Nearly a million people who bought President Donald Trump’s $TRUMP memecoin have collectively lost $3.81 billion, according to new blockchain analysis. The data has once again reignited scrutiny over a sitting head of state profiting from a token bearing his name.
The findings, compiled by blockchain analytics firm Nansen and first reported by The New York Times, examined every wallet that has purchased $TRUMP since its launch on the Solana blockchain in January 2025. Of roughly 1.48 million wallets tracked, 988,905, about two-thirds, are sitting on losses.
The remaining third, mostly early buyers who got in during the coin’s first hours before it rocketed toward its peak, are collectively up $4.04 billion, meaning the market as a whole is nearly break-even. But the split tells a familiar memecoin story: a small cohort of early movers captured the gains, while the retail majority bought in later and higher, only to get burnt.

$TRUMP was trading at $1.69 as of Sunday, down nearly 98% from its all-time high of $75.35, reached within 48 hours of launch. Trump unveiled the token three days before his January 2025 inauguration, promoting it on Truth Social with the line “GET YOUR $TRUMP NOW!” and framing it as a celebration of his political movement.
Trump profits $1.4 billion from crypto investments in 2025 – $636 million from $TRUMP,
The president’s own financial disclosure, released by the Office of Government Ethics on June 30, shows he personally benefited from the coin’s volatility. Trump collected $636 million in royalties from $TRUMP, structured as payments to CIC Digital LLC, a Trump Organisation affiliate. That figure accounts for nearly half of the $1.4 billion he made from crypto-related ventures in 2025 alone, with the broader haul, including World Liberty Financial, reportedly totalling around $2.2 billion.
Of the one billion $TRUMP tokens ever created, roughly 80% are held by two Trump-linked entities, which are releasing the supply on a three-year unlock schedule.
World Liberty Financial, the separate crypto venture Trump co-founded with his sons, hasn’t fared much better for its retail buyers: its $WLFI token has lost more than 80% of its value. leaving 85% of tracked secondary-market wallets underwater on a combined $83 million in losses.
The losses land against a regulatory backdrop that the president has actively reshaped. Since Trump took office, the Securities and Exchange Commission has said it will not treat memecoins as securities and has dropped or paused close to 60% of its pending crypto enforcement cases, including long-running actions against major exchanges.
Trump signed the GENIUS Act into law in mid-2025, establishing the first federal framework for stablecoins, but the law is silent on memecoins or on tokens issued by elected officials, a gap critics say allowed his coin to launch without meaningful oversight. Europe’s MiCA framework, by contrast, requires consumer disclosures for any publicly sold crypto asset regardless of how it’s labelled.

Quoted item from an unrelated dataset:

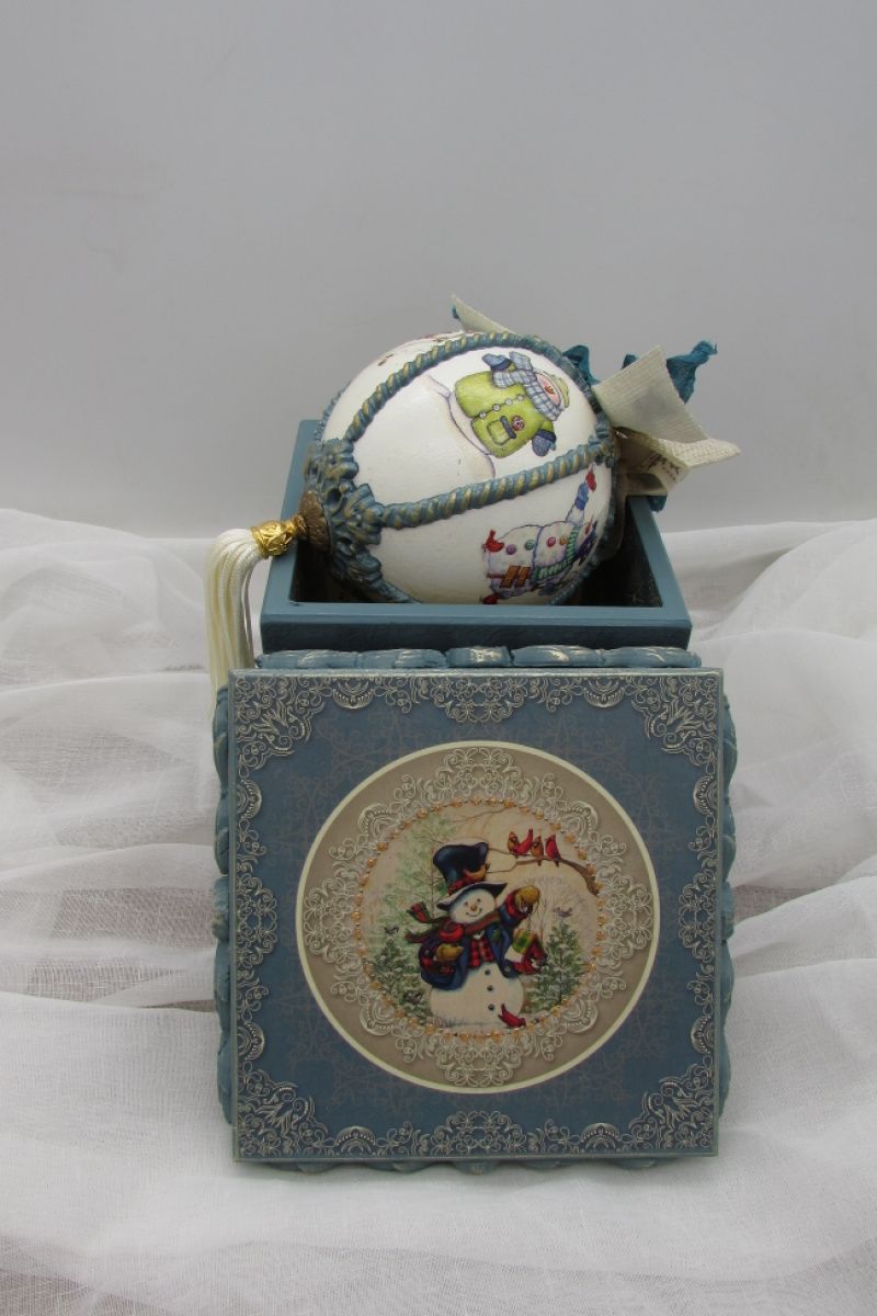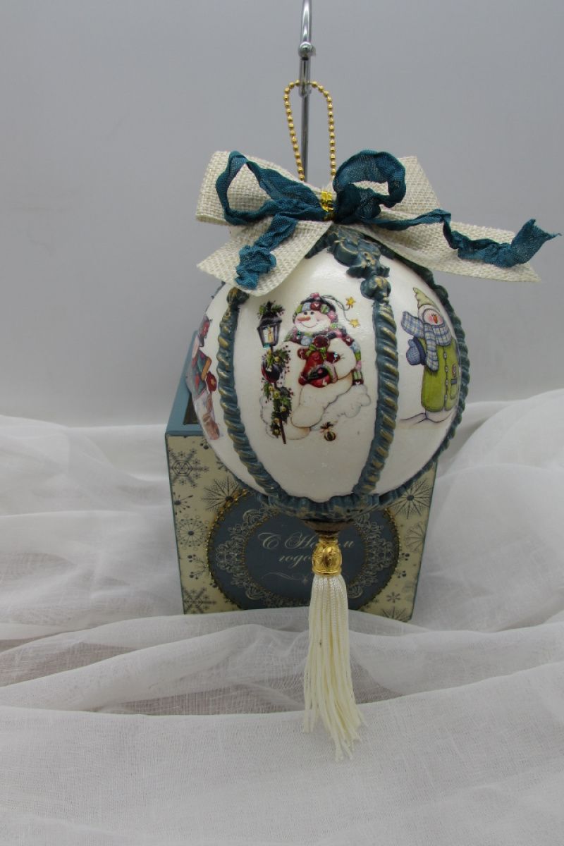 Шарик декорирован в техниках: вживление картинки, отливки ручной работы, покрыт лаком с глиттером,украшен бантиками с двух сторон и длиной кисточкой.

Senator Kirsten Gillibrand has proposed legislation barring elected officials and their spouses from issuing or promoting crypto tokens, having previously pushed similar language during GENIUS Act negotiations before it was stripped from the final bill. The measure faces significant challenges in a Congress that has largely embraced the industry.
The White House has rejected suggestions that the president is profiting off his supporters. “President Trump proudly made the United States the crypto capital of the world,” spokeswoman Anna Kelly told the Times, adding that “all actions by President Trump and his administration are taken in the best interest of the American people.”
For ordinary buyers, the arithmetic is harder to spin. One investor who told the Times he backed Trump in 2024 said he put roughly $500,000 into the token and has since lost about half of it. “It is kind of incredible,” he said. “It is almost a legal scam.”
The Nansen figures suggest the president’s memecoin has cost retail buyers nearly four times as much as was lost to hackers across all of decentralised finance in the first half of 2026, a comparison likely to keep $TRUMP at the centre of Washington’s crypto oversight debate through the rest of the year.